Last Updated: 02.07.22


In case you have a larger farm and multiple animals around it, you might be wondering what approach is the right one when it comes to their food, especially if you are feeding baby goats, but chickens are also in the picture. The good news is that these animals can live well together, as chickens can enjoy a free range around a property.

However, there are certain aspects you need to keep in mind before putting chickens with goats in the same space, and in the following lines, we will take a closer look at what these are, to avoid potential risks as much as possible in the process. The good part is that you will get to have fresh and tasty milk, goat cheese, and eggs, among many other things.



Given that food is a delicate issue, in general, since it’s vital in an animal’s life, this is the first aspect you will need to consider when keeping goats and chickens together. As a rule of thumb, you want to keep them out of each other’s food as much as possible, especially when it comes to the goats.

It’s a known fact that they generally love chicken feed, but you want to do everything you can to keep them from enjoying it. If they do eat chicken food, they can end up dealing with diarrhea since their digestive system is not ready for those ingredients. In very serious intolerance cases, things can get a lot more serious and the animals might end up dying.

Chickens, on the other hand, don’t have the same issue since they are known to be eating pretty much anything around a farm. Therefore, the chances of them being affected by an element contained in the goats’ food are very low. If your chickens are not dealing with any particular condition, then this shouldn’t be an issue.

Keeping the food fresh

Chickens are rather low maintenance and don’t leave a significant livestock footprint, which also means they are adaptable to a large number of environments. In case you are not sure whether a particular type of feed they might have access to is safe, you can always ask the local vet for a second opinion on this.

Since we’re talking about chickens, it’s a good moment to say that they are also not the cleanest animals since they tend to leave their droppings anywhere.
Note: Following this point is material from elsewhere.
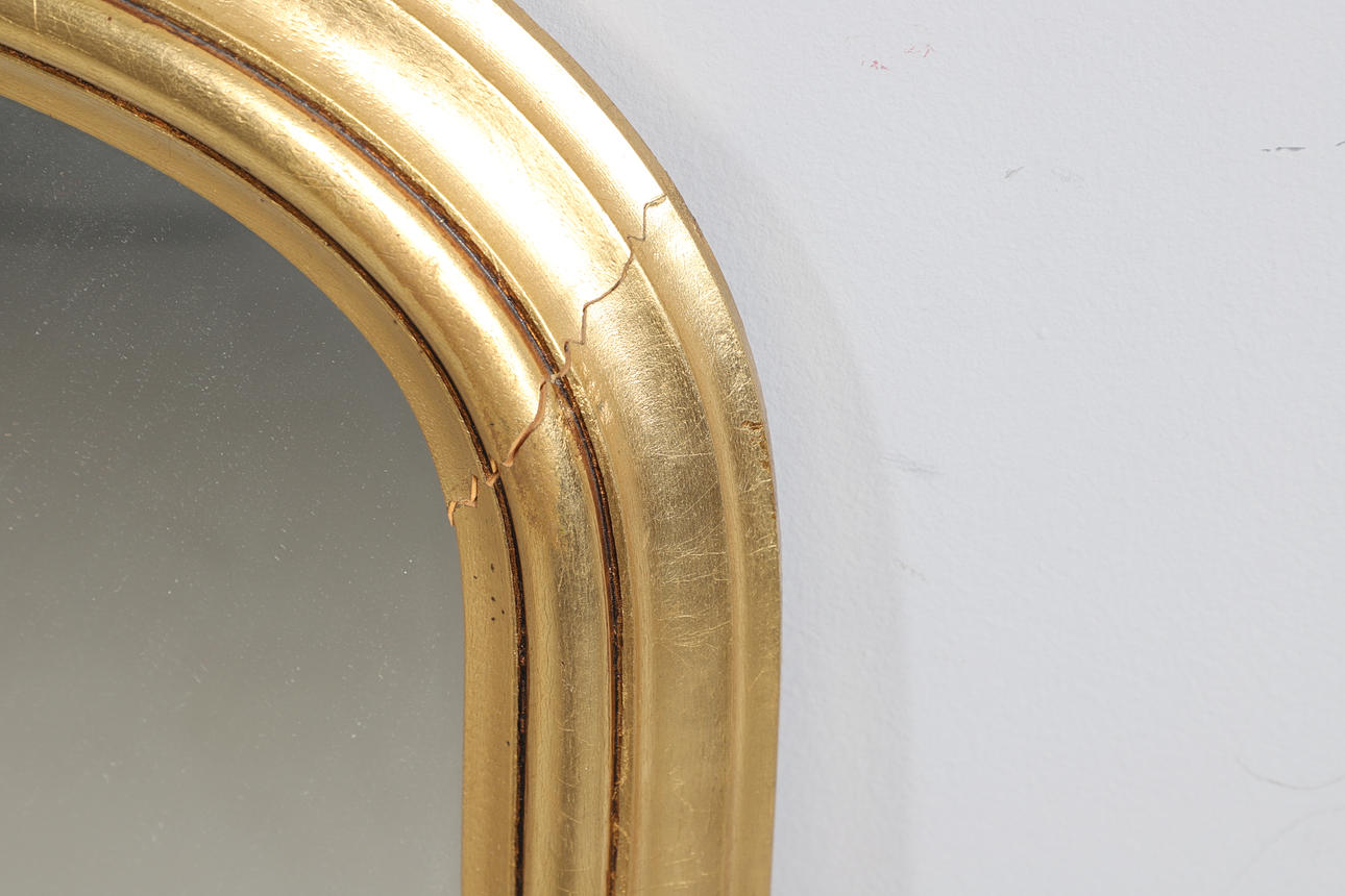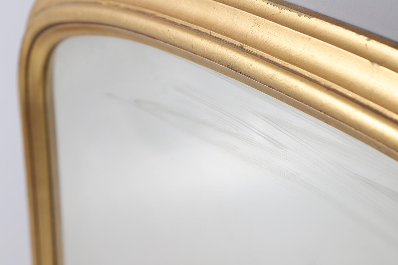 Various losses to the gilt, glass in need of a clean with various marks and minor silvering in places. Splits in places. See online images.

In case this happens to be in the hay your goats are getting ready to eat, then there’s a very high chance that the latter won’t be willing to touch the feed anymore.

In this case, you’ll have to provide a fresh batch and waste some hay, and therefore some money, on this. There are various measures you can take to make sure that everything works out well, the first one being to keep the chicken feeder in a location that goats don’t have access to.

Normally this should be a dedicated coop that is large enough for chickens to easily get in and out, without offering enough space for a goat’s access as well. Since we’re talking about keeping feeds as separate as possible, you should also consider storing the hay for your goats in a feeder that can be suspended, so that chickens cannot get in it in order to lay eggs.

Another measure is to feed grains to the goats when chickens are not active, such as before releasing them in the morning and after locking them up at night.



Given that we’re talking about successfully keeping goats and chickens together, the topic of housing should also be taken into consideration for the comfort of both types of animals. While you can safely let them free range together, keep in mind that each one of them needs a separate area.

Chickens need a safe place where there are no goats and where they can stay warm and protected from any predators, while goats require a space free of birds since roosting ones can leave droppings and scratch up soiled bedding, making things uncomfortable.

On the other hand, the good part is that the dedicated space or yard doesn’t have to be too special. Mostly, you need to make sure that it’s properly fenced, and panels with 4” openings should get the job done if your goats belong to a larger breed. For smaller breeds, panels with 2” x 4” openings are the way to go.

Moreover, you should think about predators as well, since they are an issue in pretty much any area. You can add an electric fence to keep them away, and if this is something you are considering, a 5000-volt charger is suitable for both chickens and goats.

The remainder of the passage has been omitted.